CCPA7 min read

CCPA vs CPRA: Understanding the Amendments

The California Privacy Rights Act (CPRA), passed by voters in November 2020, significantly strengthened the original California Consumer Privacy Act (CCPA). Understanding these amendments is essential for businesses navigating California's privacy requirements.

Key Takeaways

Point Summary
Relationship CPRA amended CCPA; it did not create a separate law
Effective date CPRA amendments took effect January 1, 2023
Enforcement agency CPRA created the California Privacy Protection Agency (CPPA)
Major additions Sensitive personal information, right to correct, new thresholds
Current name "CCPA" or "CCPA, as amended" refers to the combined law

Quick Answer: CPRA amended and strengthened CCPA, adding new consumer rights (correction, limiting sensitive data use), creating a dedicated enforcement agency (CPPA), introducing sensitive personal information as a category, and raising the data volume threshold from 50,000 to 100,000 consumers.

What is the Relationship Between CCPA and CPRA?

The CPRA is not a separate law. It is a ballot initiative (Proposition 24) that amended the existing CCPA. When discussing California's privacy law today, references to "CCPA" typically mean the original law as modified by CPRA. For an overview, see what is CCPA.

Aspect Original CCPA CCPA as Amended by CPRA
Effective Date January 1, 2020 January 1, 2023
Enforcement California Attorney General only AG + California Privacy Protection Agency
Consumer Rights 4 core rights 6+ core rights
Data Categories Personal information Personal information + sensitive personal information
Data Volume Threshold 50,000 consumers 100,000 consumers

Timeline of California Privacy Law

Date Event
June 2018 CCPA signed into law
January 1, 2020 CCPA becomes effective
July 1, 2020 CCPA enforcement begins
November 2020 California voters approve CPRA (Proposition 24)
January 1, 2023 CPRA amendments take effect
July 1, 2023 CPPA begins enforcement of CPRA provisions
January 1, 2024 Additional amendments (AB 947: immigration status as SPI)
January 1, 2025 Updated penalty and threshold amounts
January 1, 2026 New regulations on ADMT, risk assessments, cybersecurity audits

New Consumer Rights Under CPRA

Right to Correct

The CPRA added the right for consumers to request correction of inaccurate personal information.

Aspect Details
What it covers Inaccurate personal information held by the business
Business obligation Use commercially reasonable efforts to correct
Response deadline 45 days (extendable to 90 days)
Documentation Instruct service providers and contractors to correct

Right to Limit Use of Sensitive Personal Information

Aspect Details
What it covers Sensitive personal information categories
Consumer action Request to limit use to specific purposes
Business obligation Limit use or obtain explicit consent for other purposes
Required link "Limit the Use of My Sensitive Personal Information" or combined link

Enhanced Opt-Out Rights

For detailed implementation requirements, see opt-out requirements.

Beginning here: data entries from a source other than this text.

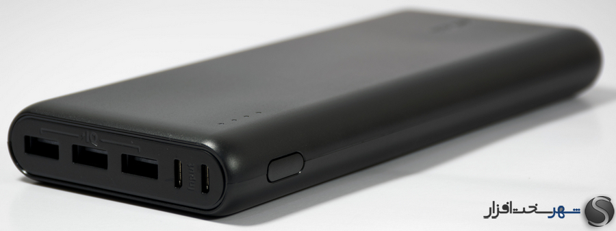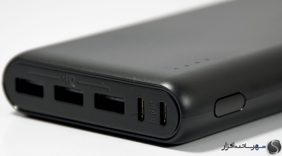 تمامی درگاههای ورودی و خروجی دستگاه در لبه جلویی آن تعبیه شدهاند. این پاور بانک دارای دو درگاه ورودی Micro USB برای شارژ کردن باتری داخلی است که در لبه سمت راست تعبیه شدهاند، احتمالاً میپرسید چرا دو درگاه؟
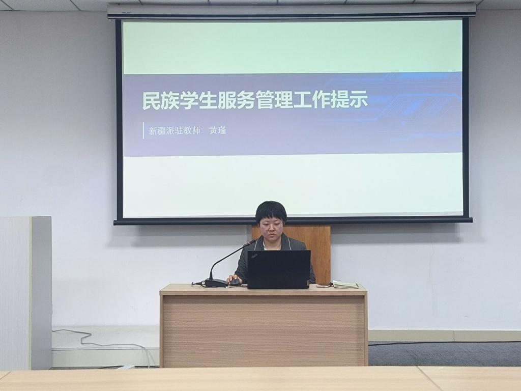 12月3日,学校在图书馆第二信息化教室为专兼职辅导员开展民族学生服务管理工作培训会议,新疆驻鲁工作组派驻教师黄瑾以“安全稳定筑根基,立德树人促融合”为主题,与在场辅导员进行交流。
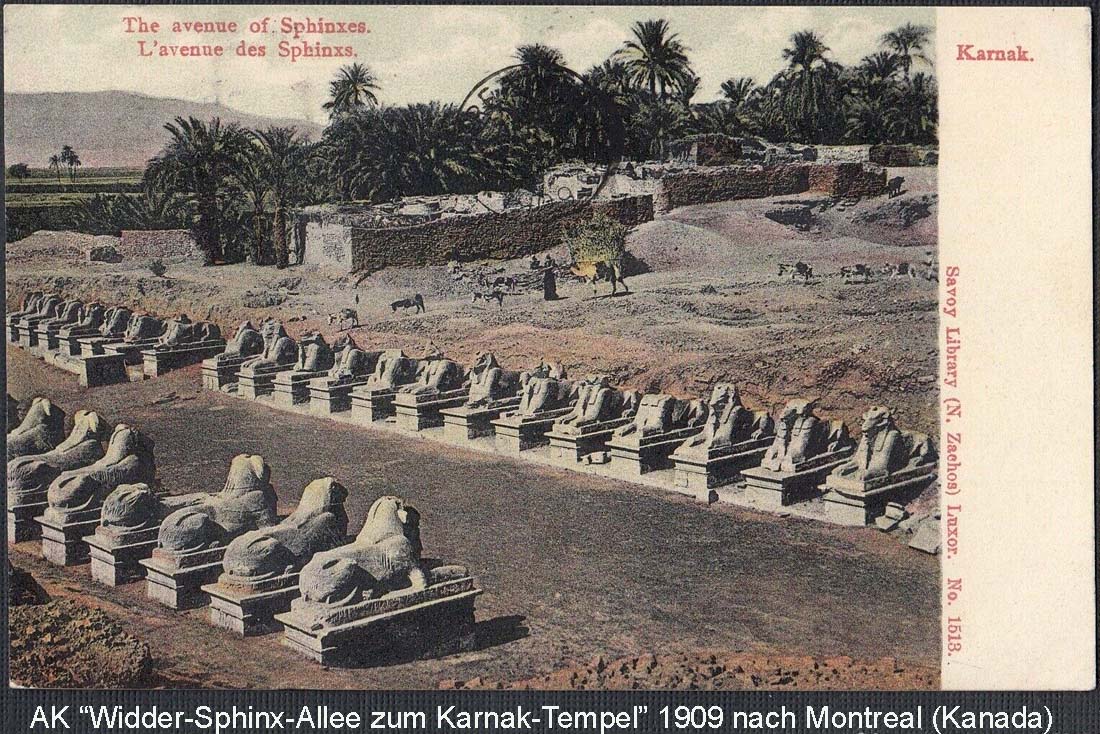 Die Widdersphinx symbolisiert den Gott Amun (in der Gestalt des Widders), der den zwischen den Vorderbeinen des Tieres dargestellten Pharao beschützt. Die Sphingen-Alleen verbanden als Prozessionswege die beiden Tempelanlagen von Luxor und Karnak.
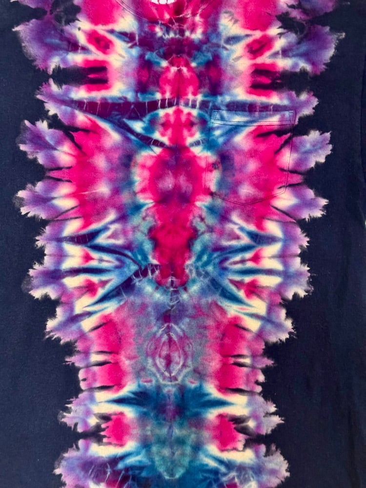 Thrifted and Shifted in Lynn MA. This tee is on a Dickies blank and features a front pocket to hold extra goodies. There is a small hole on the back of the neck from where it was tagged (thrift stores love to put the price tag through the shirt and can leave a hole) and is priced accordingly, more cosmetic than anything. Feel free to send a dm on IG if ya need more photos @dyesbyroobs. Wash cold, hang dry for longest life ✌🏻

Original CCPA CPRA Enhancement
Opt-out of "sale" Opt-out of "sale" AND "sharing"
Monetary consideration only Includes sharing for cross-context behavioral advertising
"Do Not Sell" link "Do Not Sell or Share" link required

Sensitive Personal Information: A New Category

The CPRA created "sensitive personal information" (SPI) as a distinct subset of personal information with additional protections.

SPI Category Examples
Government IDs SSN, driver's license, passport
Financial access credentials Account numbers with passwords
Precise geolocation GPS-level location data
Race/ethnicity/religion Protected characteristics
Union membership Labor organization affiliation
Mail/email/text contents Private communications
Genetic data DNA, genetic testing results
Biometric data Fingerprints, face recognition
Health information Medical records, conditions
Sex life/orientation Sexual orientation, intimate details
Immigration status Citizenship status (added 2024)

Consumer rights for SPI:

  • Right to know what SPI is collected
  • Right to limit use to specific, enumerated purposes
  • Right to deletion of SPI

Changes to Business Thresholds

Threshold Original CCPA CPRA Amendment
Revenue $25 million $26.625 million (inflation-adjusted 2025)
Data volume 50,000 consumers 100,000 consumers
Data revenue 50% from selling 50% from selling OR sharing

The increased data volume threshold from 50,000 to 100,000 consumers removed some smaller businesses from scope, while the addition of "sharing" expanded the data revenue threshold.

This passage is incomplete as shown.